Hoge Raad: Inzet Wbbbg voor avondklok was juridisch toelaatbaar
Arrest
Rechtsgebieden
Essentie
De Hoge Raad oordeelt dat een pandemie kan vallen onder 'buitengewone omstandigheden' in de Wet buitengewone bevoegdheden burgerlijk gezag (Wbbbg). De inzet van de Wbbbg is niet ondergeschikt aan de mogelijkheid van een spoedwet; de wetgever kende deze bevoegdheid bewust toe.
Samenvatting feiten
Naar aanleiding van een OMT-advies over nieuwe, besmettelijkere virusvarianten, besloot het kabinet een avondklok in te stellen. Na een spoeddebat in de Tweede Kamer werd hiervoor de Wet buitengewone bevoegdheden burgerlijk gezag (Wbbbg) geactiveerd. De avondklok werd per ministeriële regeling ingevoerd. Viruswaarheid c.s. vorderden in kort geding de buitenwerkingstelling van de maatregel, stellende dat de Staat onrechtmatig handelde door de Wbbbg te gebruiken. De voorzieningenrechter wees de vordering toe, waarna de Staat in hoger beroep ging.
Cassatieberoep door
Het cassatieberoep is ingesteld door Viruswaarheid c.s.
Rechtsvraag
De centrale rechtsvragen zijn of de coronapandemie kwalificeert als een 'buitengewone omstandigheid' in de zin van art. 1 Wbbbg die de inzet van deze wet rechtvaardigt, en of de Staat deze noodwet mocht toepassen, ook als het mogelijk was geweest om via een spoedwetgevingsprocedure een avondklok in te voeren.

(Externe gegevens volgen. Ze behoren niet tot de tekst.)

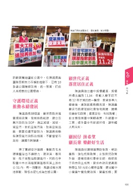 環境整治也不遺餘力,潮洋溪、惠來 養育、強化托育政策;主張育兒政策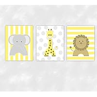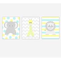 Baby Nursery Artwork Yellow Blue Aqua Teal Gray Grey Elephant Giraffe Lion Safari Jungle Animals Baby Nursery Decor SET OF 3 UNFRAMED PRINTS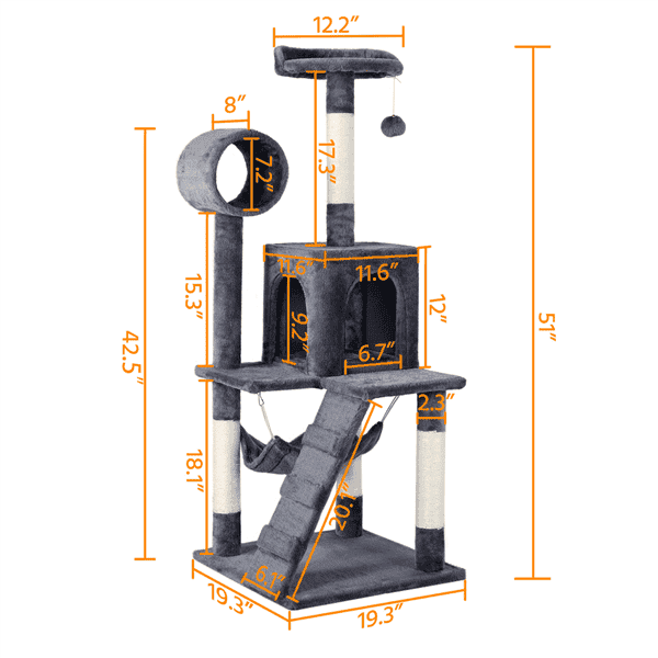 The 51" multiple-level cat tree is constructed of harmless particle board, skin-friendly plush, and natural sisal rope, providing your pets a safe and comfy playing and napping space. Multiple scratching posts help develop positive scratching habits and more importantly, free your furniture from those sharp little claws. Warm and fluffy condos and hammocks provide the best lounging spots for your little adventurers after finishing their exploration on the tunnel and ladder. This solid and sturdy cat tower is perfect for 1-2 kittens/small cats to have fun and rest at the same time.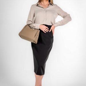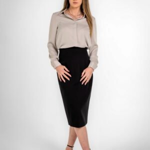 The classic collared neckline and long-sleeve design make it an ideal choice for both professional and after-hours looks. Its lightweight drape enhances comfort and movement, while the minimalist tailoring delivers a sleek, body-flattering silhouette. Whether tucked into tailored trousers or paired with a pencil skirt, this versatile shirt embodies modern femininity with an executive edge.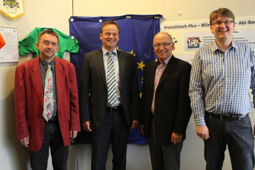 „Als Präsident des Eurodistrikts liegt mir der Ausbau der deutsch-französischen Beziehungen besonders am Herzen“, betonte Scherer. Die Grundlage für grenzüberschreitende Zusammenarbeit sei, die Sprache der Nachbarn zu verstehen. „Wir werden nicht locker lassen, bis wir es schriftlich haben, dass es für Abibac-Gymnasien die Wahlmöglichkeit gibt, auch schon in der fünften Klasse zwei Fremdsprachen zu erlernen“, sagte der stellvertretende Schulleiter und Abibac-Koordinator Dr. Volker Wacker. Ohne Ausnahmeregelung würde das Gros der Fünftklässler Englisch als erste Fremdsprache wählen und damit nicht direkt an das Grundschulfranzösisch anschließen. Diese einjährige Pause im Französischunterricht sei völlig kontraproduktiv.
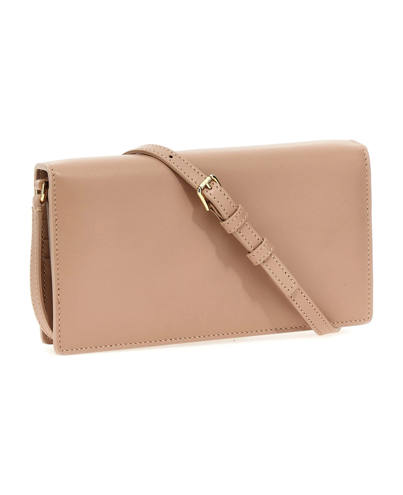 Leather smartphone holder with embossed logo on the front, magnetic closure, adjustable and removable leather shoulder strap.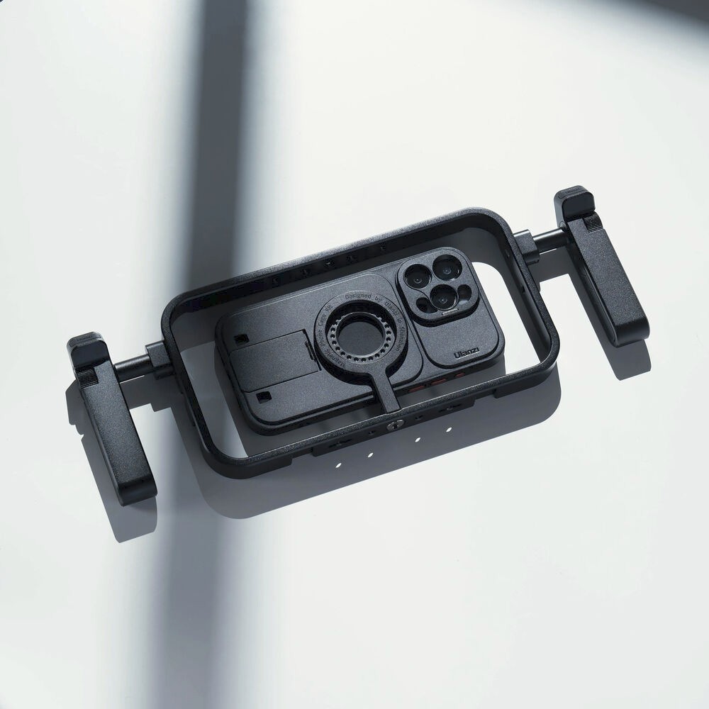 The Ulanzi MG-001 Magnetic Smartphone Cage is a versatile aluminum cage designed for smartphones with MagSafe compatibility, such as iPhone 12–15 series. Perfect for professional videography, vlogging, and live streaming, it includes dual detachable grips, multiple mounting points, and a magnetic stand for stable horizontal or vertical shooting.

In essentie gaat het om de reikwijdte van de Wbbbg en de subsidiariteit van de daarin opgenomen noodbevoegdheden ten opzichte van reguliere of versnelde wetgeving.
Uitspraak Hoge Raad
De Hoge Raad verwerpt het cassatieberoep. Hij oordeelt dat de rechtsopvatting dat een pandemie niet onder 'buitengewone omstandigheden' valt, onjuist is. De wetgever heeft dit begrip bewust ruim gelaten. Verder oordeelt de Hoge Raad dat de Wbbbg geen vereiste kent dat het onmogelijk moet zijn om via een spoedwet te handelen. De regering was dus bevoegd de Wbbbg in te zetten voor de avondklok, zonder voorafgaande parlementaire instemming via een wetgevingsproces.
Rechtsregel
Een pandemie die de fysieke veiligheid van de bevolking bedreigt, kan een 'buitengewone omstandigheid' zijn in de zin van art. 1 Wbbbg. De wetgever heeft dit begrip bewust ruim gelaten. Voor de toepassing van de bevoegdheden uit de Wbbbg is niet vereist dat het onmogelijk is om een maatregel via een spoedwet te regelen. De Wbbbg kent de regering een zelfstandige bevoegdheid toe om te handelen, met een parlementaire controle die achteraf plaatsvindt via de voortduringswetprocedure van art. 1 lid 2 Wbbbg.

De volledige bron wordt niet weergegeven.